Aim of the exercise: A faithful copy of every entry, with the pictures removed, is what is needed here.

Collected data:
Start of Block

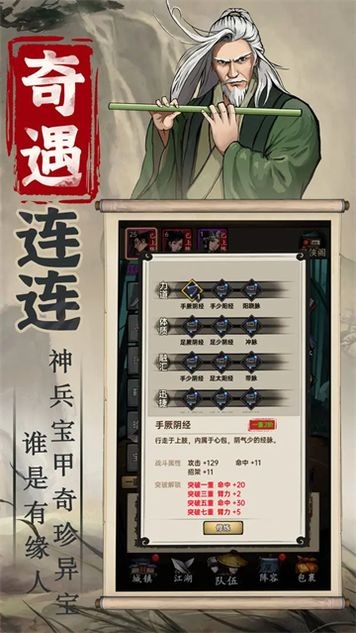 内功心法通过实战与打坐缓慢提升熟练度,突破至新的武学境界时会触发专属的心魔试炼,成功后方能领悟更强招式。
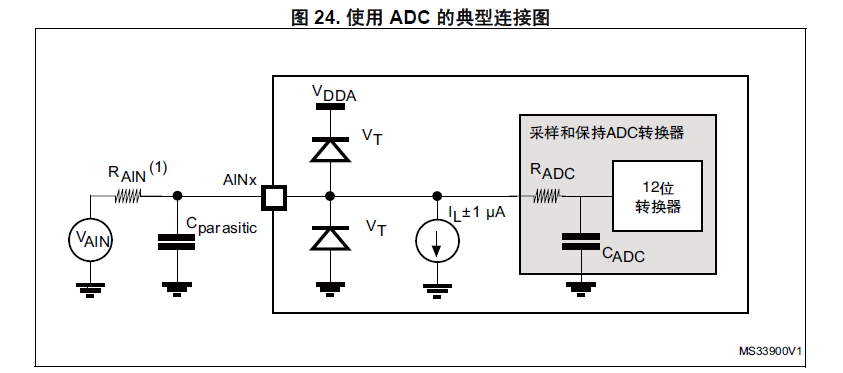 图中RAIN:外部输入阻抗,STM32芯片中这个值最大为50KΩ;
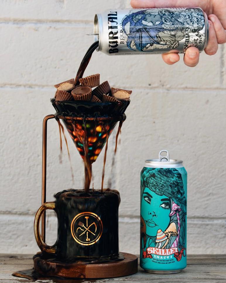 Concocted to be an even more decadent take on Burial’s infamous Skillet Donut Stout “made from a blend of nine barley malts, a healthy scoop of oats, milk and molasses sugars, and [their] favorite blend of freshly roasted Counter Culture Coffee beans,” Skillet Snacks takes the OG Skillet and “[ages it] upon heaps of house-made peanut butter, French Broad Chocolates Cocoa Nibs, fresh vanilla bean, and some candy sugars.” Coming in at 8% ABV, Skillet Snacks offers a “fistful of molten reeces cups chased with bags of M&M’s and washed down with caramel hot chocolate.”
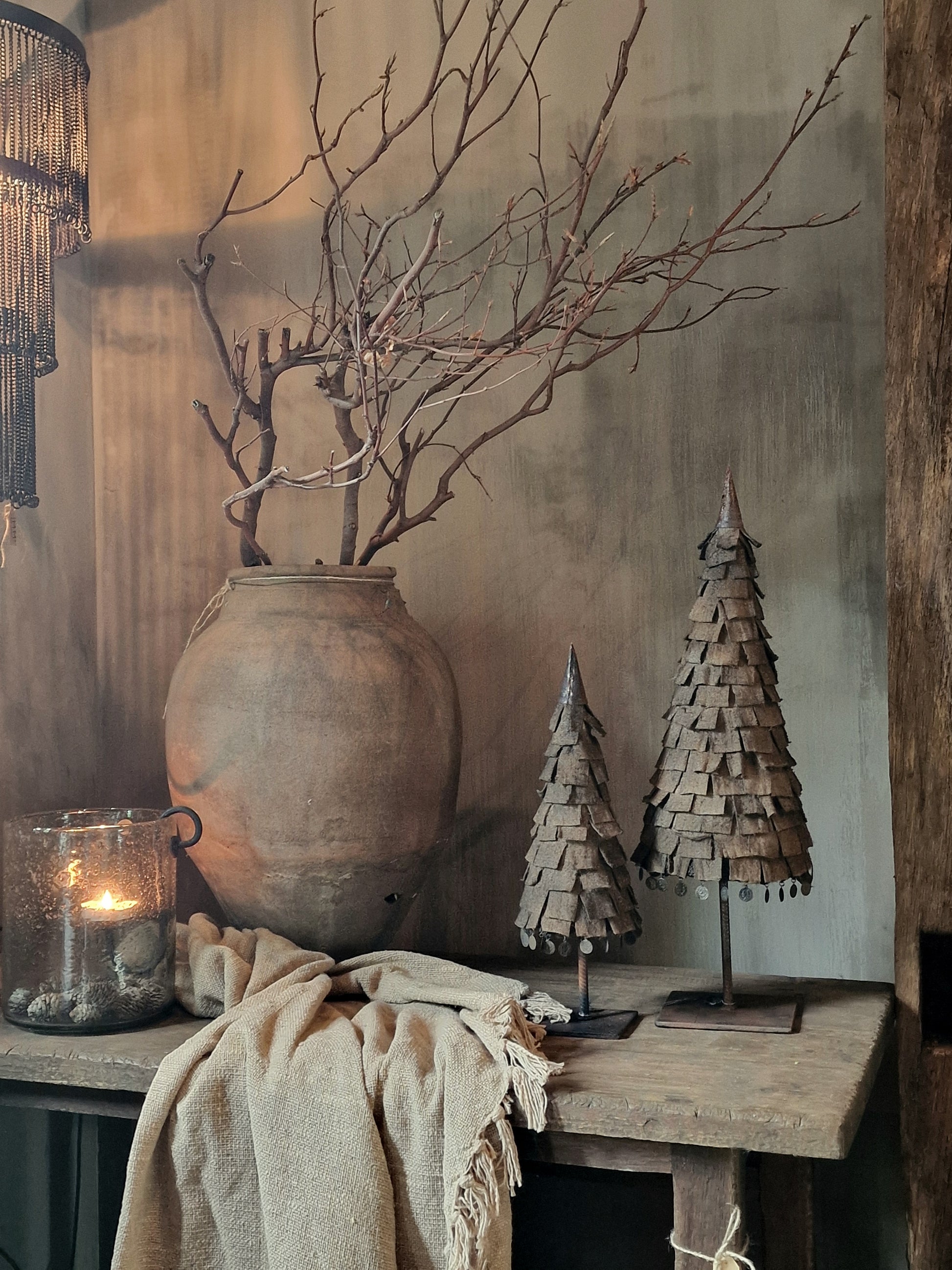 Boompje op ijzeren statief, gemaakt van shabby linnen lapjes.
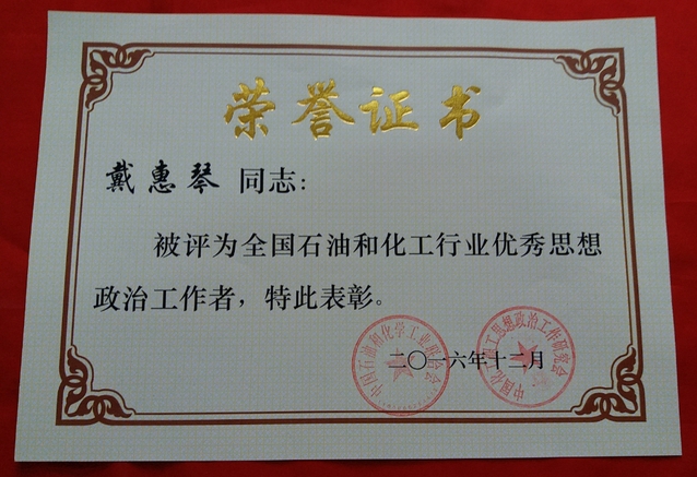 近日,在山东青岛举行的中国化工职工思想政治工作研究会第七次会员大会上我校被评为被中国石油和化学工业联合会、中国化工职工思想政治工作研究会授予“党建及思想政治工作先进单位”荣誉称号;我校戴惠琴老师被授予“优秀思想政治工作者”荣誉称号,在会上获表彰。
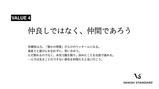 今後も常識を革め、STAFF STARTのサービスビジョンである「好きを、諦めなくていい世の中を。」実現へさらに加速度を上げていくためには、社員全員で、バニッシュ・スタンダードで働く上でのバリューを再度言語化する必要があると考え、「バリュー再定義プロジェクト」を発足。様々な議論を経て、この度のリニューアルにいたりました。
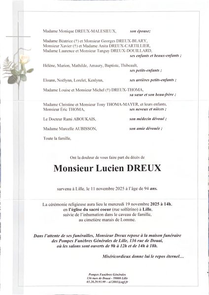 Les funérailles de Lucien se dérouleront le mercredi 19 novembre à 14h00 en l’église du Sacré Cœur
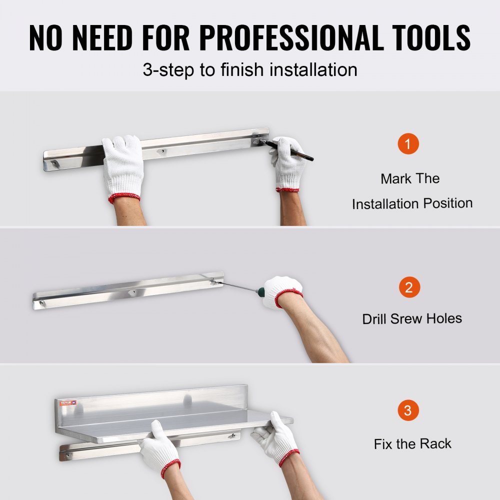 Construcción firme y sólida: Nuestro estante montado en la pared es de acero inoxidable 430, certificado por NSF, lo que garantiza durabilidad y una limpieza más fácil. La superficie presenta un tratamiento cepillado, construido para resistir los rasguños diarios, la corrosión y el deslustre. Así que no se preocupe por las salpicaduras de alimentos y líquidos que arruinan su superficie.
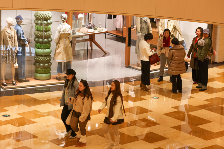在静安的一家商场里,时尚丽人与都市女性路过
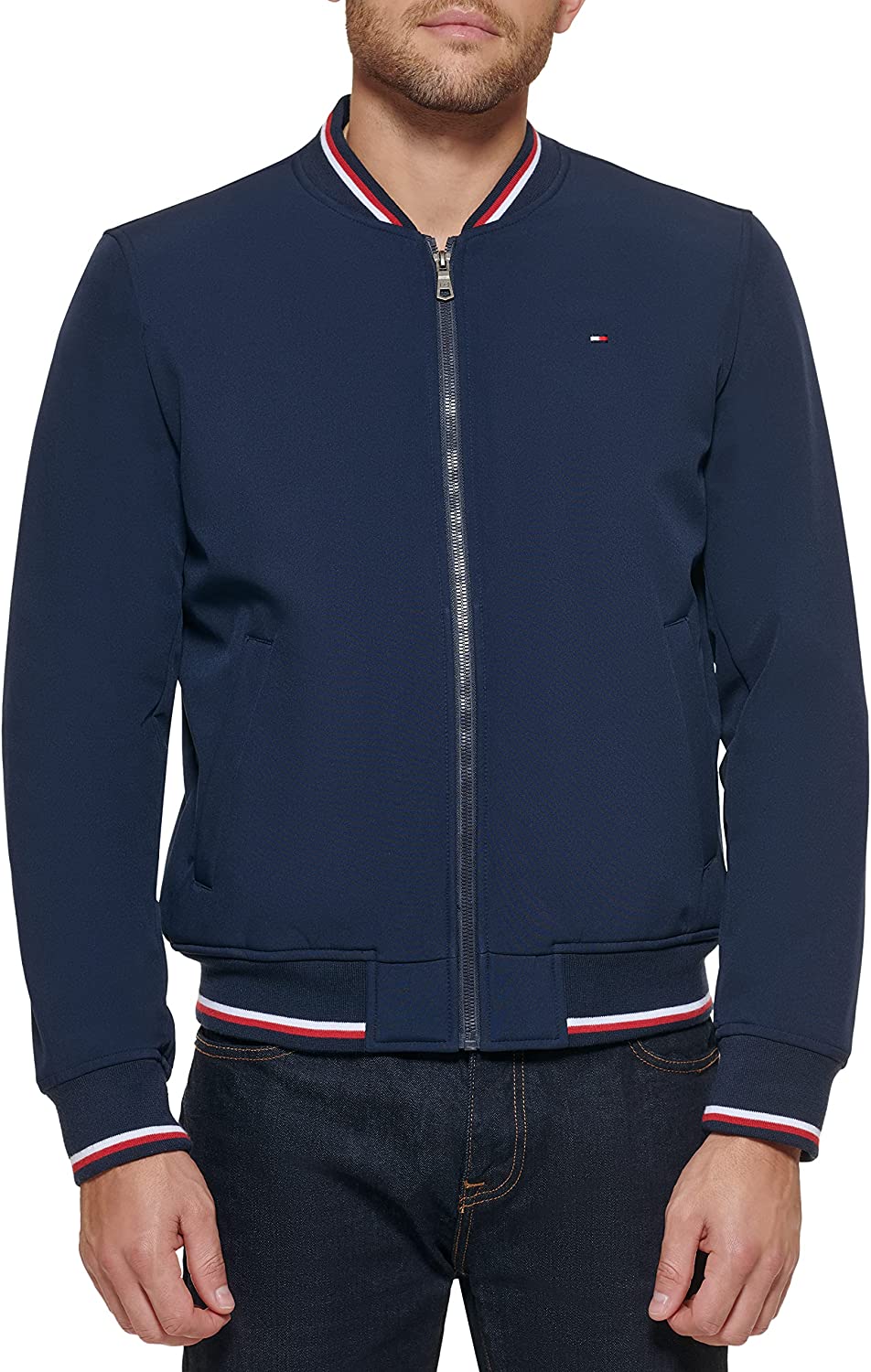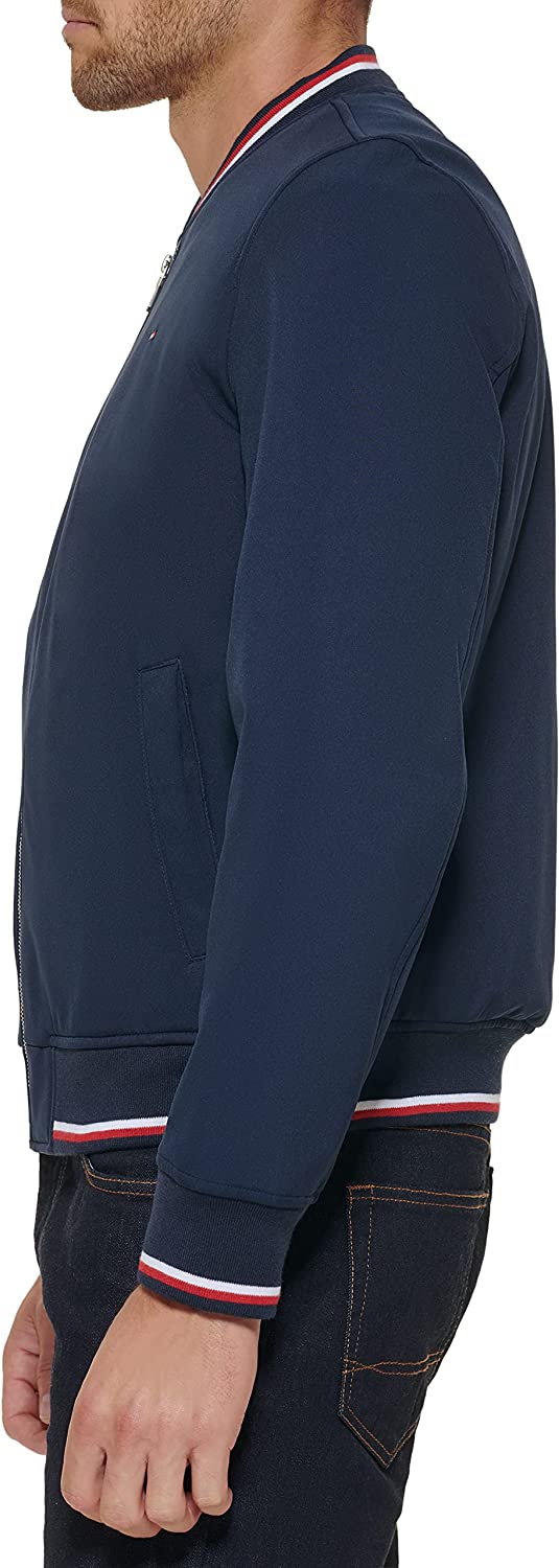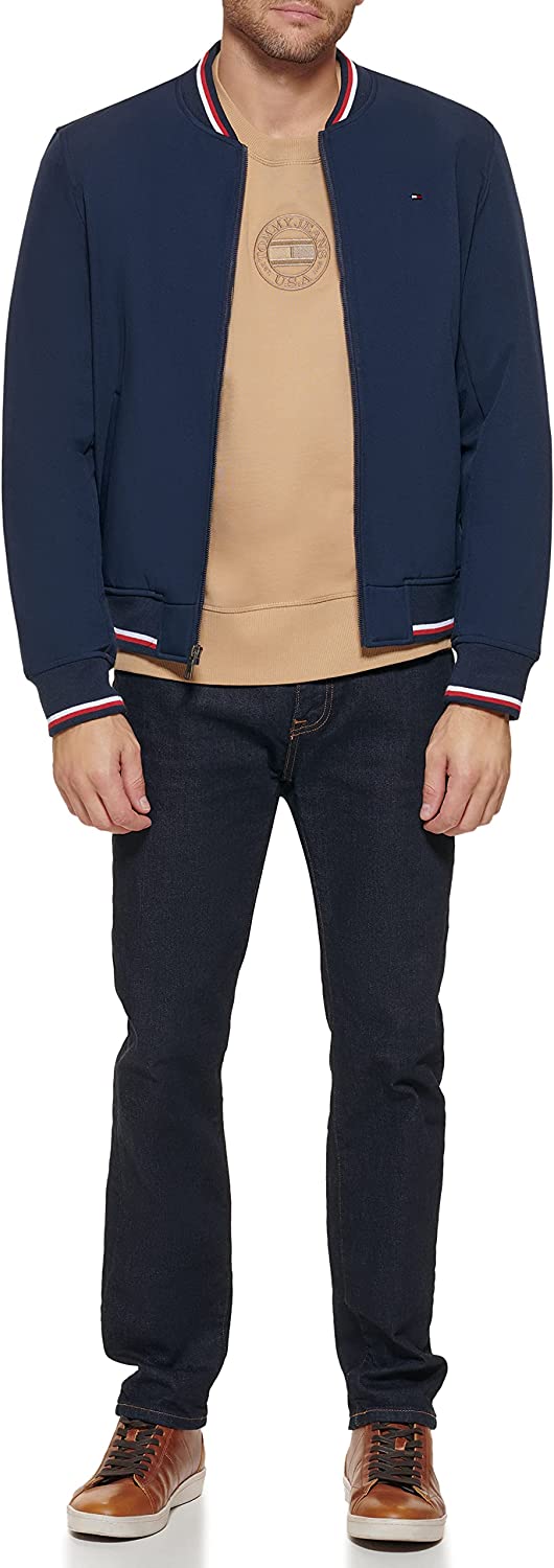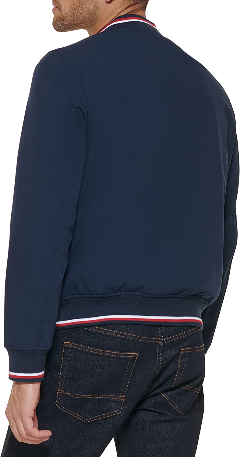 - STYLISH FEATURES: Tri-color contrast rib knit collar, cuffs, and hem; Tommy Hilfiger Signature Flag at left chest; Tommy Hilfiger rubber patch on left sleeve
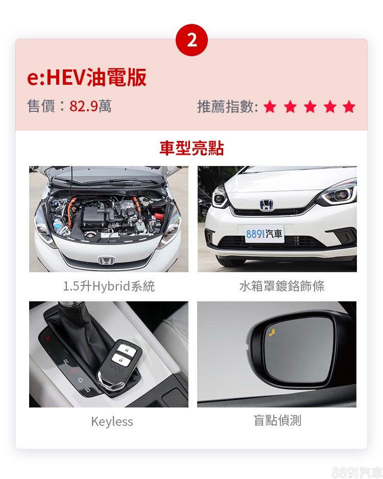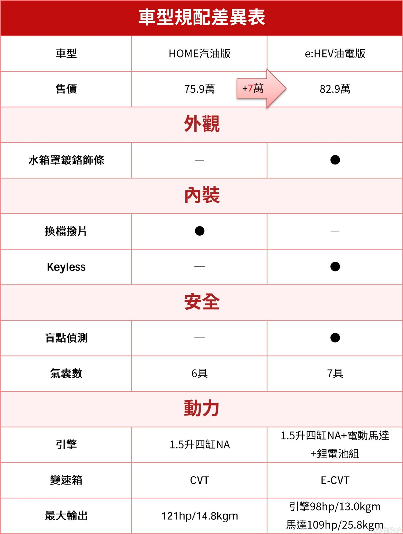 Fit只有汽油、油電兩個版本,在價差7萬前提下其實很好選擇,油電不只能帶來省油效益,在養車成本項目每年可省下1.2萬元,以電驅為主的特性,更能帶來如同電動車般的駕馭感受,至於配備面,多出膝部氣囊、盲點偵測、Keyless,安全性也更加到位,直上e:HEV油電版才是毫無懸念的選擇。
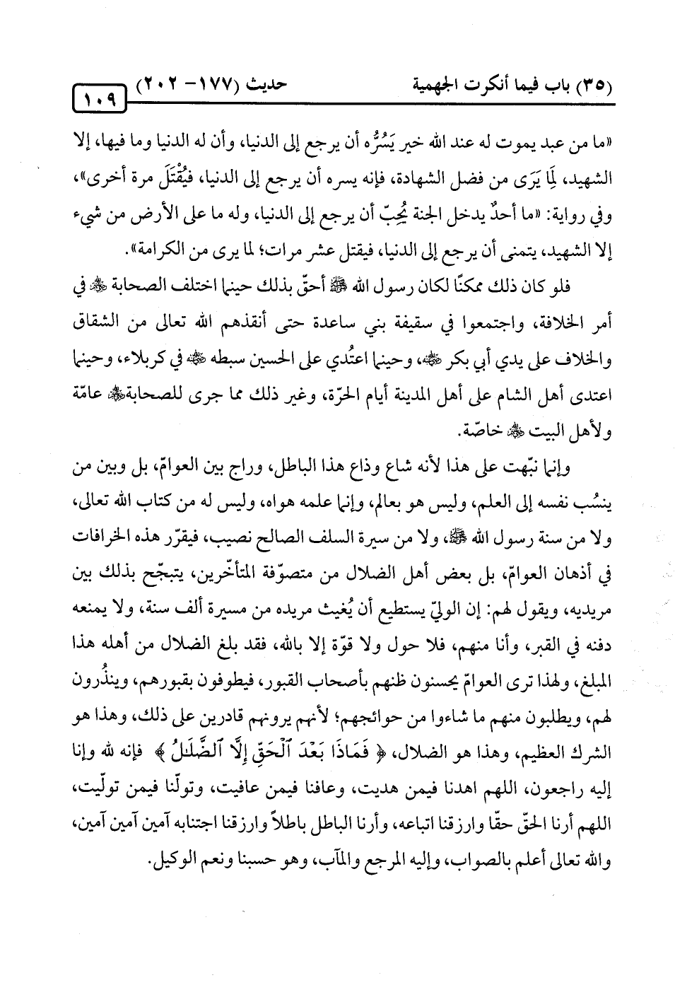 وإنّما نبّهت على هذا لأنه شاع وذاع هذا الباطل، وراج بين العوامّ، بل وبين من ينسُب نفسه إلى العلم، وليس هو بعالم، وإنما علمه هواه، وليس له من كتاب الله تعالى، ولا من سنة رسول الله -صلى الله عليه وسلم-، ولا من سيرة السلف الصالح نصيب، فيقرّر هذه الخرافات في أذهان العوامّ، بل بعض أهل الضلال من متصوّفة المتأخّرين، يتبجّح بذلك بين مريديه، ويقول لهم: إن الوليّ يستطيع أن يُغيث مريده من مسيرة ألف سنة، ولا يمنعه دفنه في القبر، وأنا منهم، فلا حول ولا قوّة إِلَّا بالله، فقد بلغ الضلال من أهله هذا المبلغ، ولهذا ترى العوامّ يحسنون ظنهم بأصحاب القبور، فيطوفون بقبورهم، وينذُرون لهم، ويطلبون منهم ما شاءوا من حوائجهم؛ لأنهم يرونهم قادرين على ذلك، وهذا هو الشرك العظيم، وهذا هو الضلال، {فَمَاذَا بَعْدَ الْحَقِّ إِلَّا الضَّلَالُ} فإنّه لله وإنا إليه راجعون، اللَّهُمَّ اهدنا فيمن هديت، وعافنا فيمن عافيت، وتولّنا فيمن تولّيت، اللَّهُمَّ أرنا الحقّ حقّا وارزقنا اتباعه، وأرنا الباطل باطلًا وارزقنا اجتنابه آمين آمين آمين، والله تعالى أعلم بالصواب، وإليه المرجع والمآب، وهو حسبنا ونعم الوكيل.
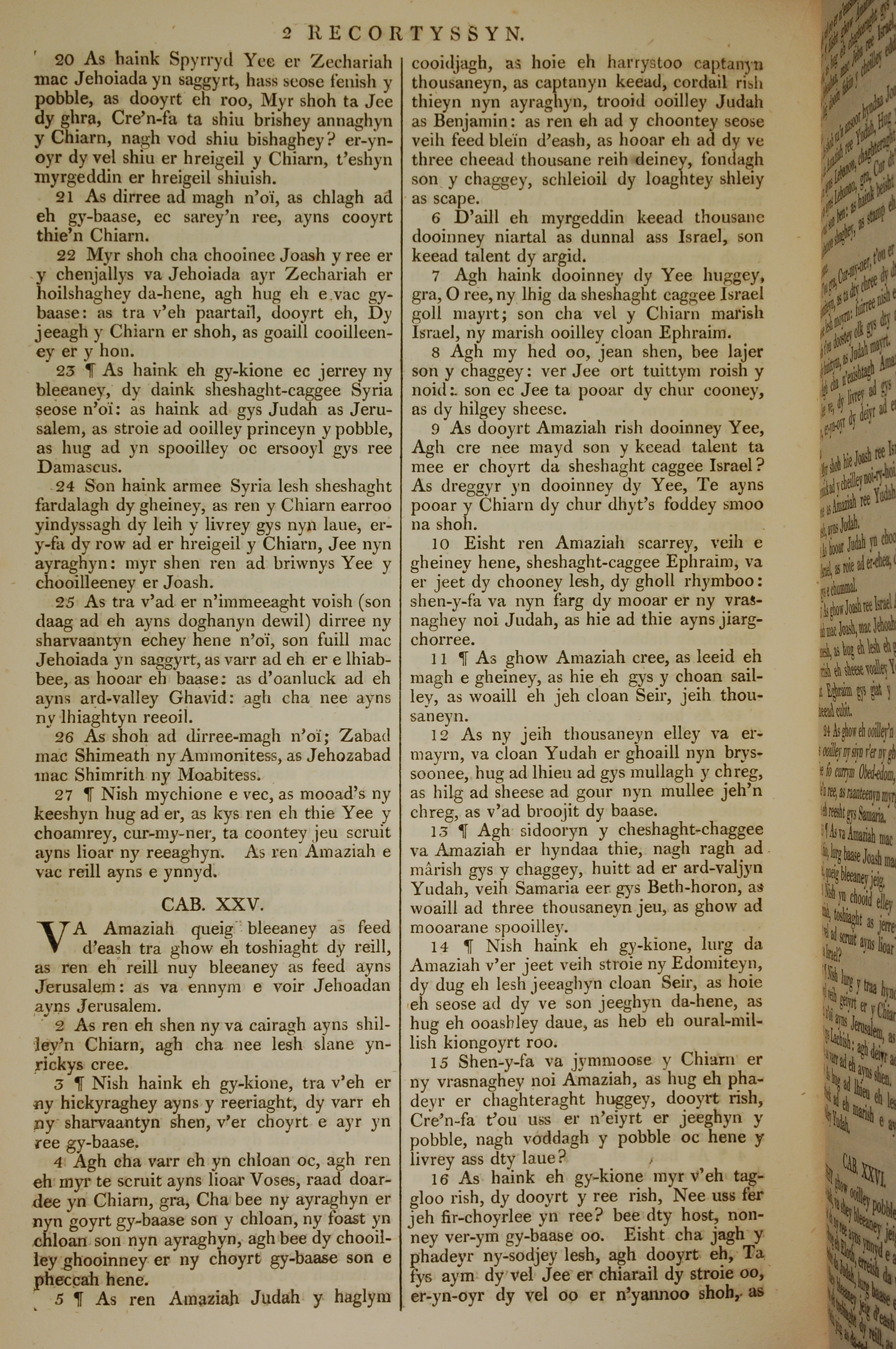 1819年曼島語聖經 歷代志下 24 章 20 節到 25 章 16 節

End of Block

Solution:
 内功心法通过实战与打坐缓慢提升熟练度,突破至新的武学境界时会触发专属的心魔试炼,成功后方能领悟更强招式。
 图中RAIN:外部输入阻抗,STM32芯片中这个值最大为50KΩ;
 Concocted to be an even more decadent take on Burial’s infamous Skillet Donut Stout “made from a blend of nine barley malts, a healthy scoop of oats, milk and molasses sugars, and [their] favorite blend of freshly roasted Counter Culture Coffee beans,” Skillet Snacks takes the OG Skillet and “[ages it] upon heaps of house-made peanut butter, French Broad Chocolates Cocoa Nibs, fresh vanilla bean, and some candy sugars.” Coming in at 8% ABV, Skillet Snacks offers a “fistful of molten reeces cups chased with bags of M&M’s and washed down with caramel hot chocolate.”
 Boompje op ijzeren statief, gemaakt van shabby linnen lapjes.
 近日,在山东青岛举行的中国化工职工思想政治工作研究会第七次会员大会上我校被评为被中国石油和化学工业联合会、中国化工职工思想政治工作研究会授予“党建及思想政治工作先进单位”荣誉称号;我校戴惠琴老师被授予“优秀思想政治工作者”荣誉称号,在会上获表彰。
 今後も常識を革め、STAFF STARTのサービスビジョンである「好きを、諦めなくていい世の中を。」実現へさらに加速度を上げていくためには、社員全員で、バニッシュ・スタンダードで働く上でのバリューを再度言語化する必要があると考え、「バリュー再定義プロジェクト」を発足。様々な議論を経て、この度のリニューアルにいたりました。
 Les funérailles de Lucien se dérouleront le mercredi 19 novembre à 14h00 en l’église du Sacré Cœur
 Construcción firme y sólida: Nuestro estante montado en la pared es de acero inoxidable 430, certificado por NSF, lo que garantiza durabilidad y una limpieza más fácil. La superficie presenta un tratamiento cepillado, construido para resistir los rasguños diarios, la corrosión y el deslustre. Así que no se preocupe por las salpicaduras de alimentos y líquidos que arruinan su superficie.
在静安的一家商场里,时尚丽人与都市女性路过
 - STYLISH FEATURES: Tri-color contrast rib knit collar, cuffs, and hem; Tommy Hilfiger Signature Flag at left chest; Tommy Hilfiger rubber patch on left sleeve
 Fit只有汽油、油電兩個版本,在價差7萬前提下其實很好選擇,油電不只能帶來省油效益,在養車成本項目每年可省下1.2萬元,以電驅為主的特性,更能帶來如同電動車般的駕馭感受,至於配備面,多出膝部氣囊、盲點偵測、Keyless,安全性也更加到位,直上e:HEV油電版才是毫無懸念的選擇。
 وإنّما نبّهت على هذا لأنه شاع وذاع هذا الباطل، وراج بين العوامّ، بل وبين من ينسُب نفسه إلى العلم، وليس هو بعالم، وإنما علمه هواه، وليس له من كتاب الله تعالى، ولا من سنة رسول الله -صلى الله عليه وسلم-، ولا من سيرة السلف الصالح نصيب، فيقرّر هذه الخرافات في أذهان العوامّ، بل بعض أهل الضلال من متصوّفة المتأخّرين، يتبجّح بذلك بين مريديه، ويقول لهم: إن الوليّ يستطيع أن يُغيث مريده من مسيرة ألف سنة، ولا يمنعه دفنه في القبر، وأنا منهم، فلا حول ولا قوّة إِلَّا بالله، فقد بلغ الضلال من أهله هذا المبلغ، ولهذا ترى العوامّ يحسنون ظنهم بأصحاب القبور، فيطوفون بقبورهم، وينذُرون لهم، ويطلبون منهم ما شاءوا من حوائجهم؛ لأنهم يرونهم قادرين على ذلك، وهذا هو الشرك العظيم، وهذا هو الضلال، {فَمَاذَا بَعْدَ الْحَقِّ إِلَّا الضَّلَالُ} فإنّه لله وإنا إليه راجعون، اللَّهُمَّ اهدنا فيمن هديت، وعافنا فيمن عافيت، وتولّنا فيمن تولّيت، اللَّهُمَّ أرنا الحقّ حقّا وارزقنا اتباعه، وأرنا الباطل باطلًا وارزقنا اجتنابه آمين آمين آمين، والله تعالى أعلم بالصواب، وإليه المرجع والمآب، وهو حسبنا ونعم الوكيل.
 1819年曼島語聖經 歷代志下 24 章 20 節到 25 章 16 節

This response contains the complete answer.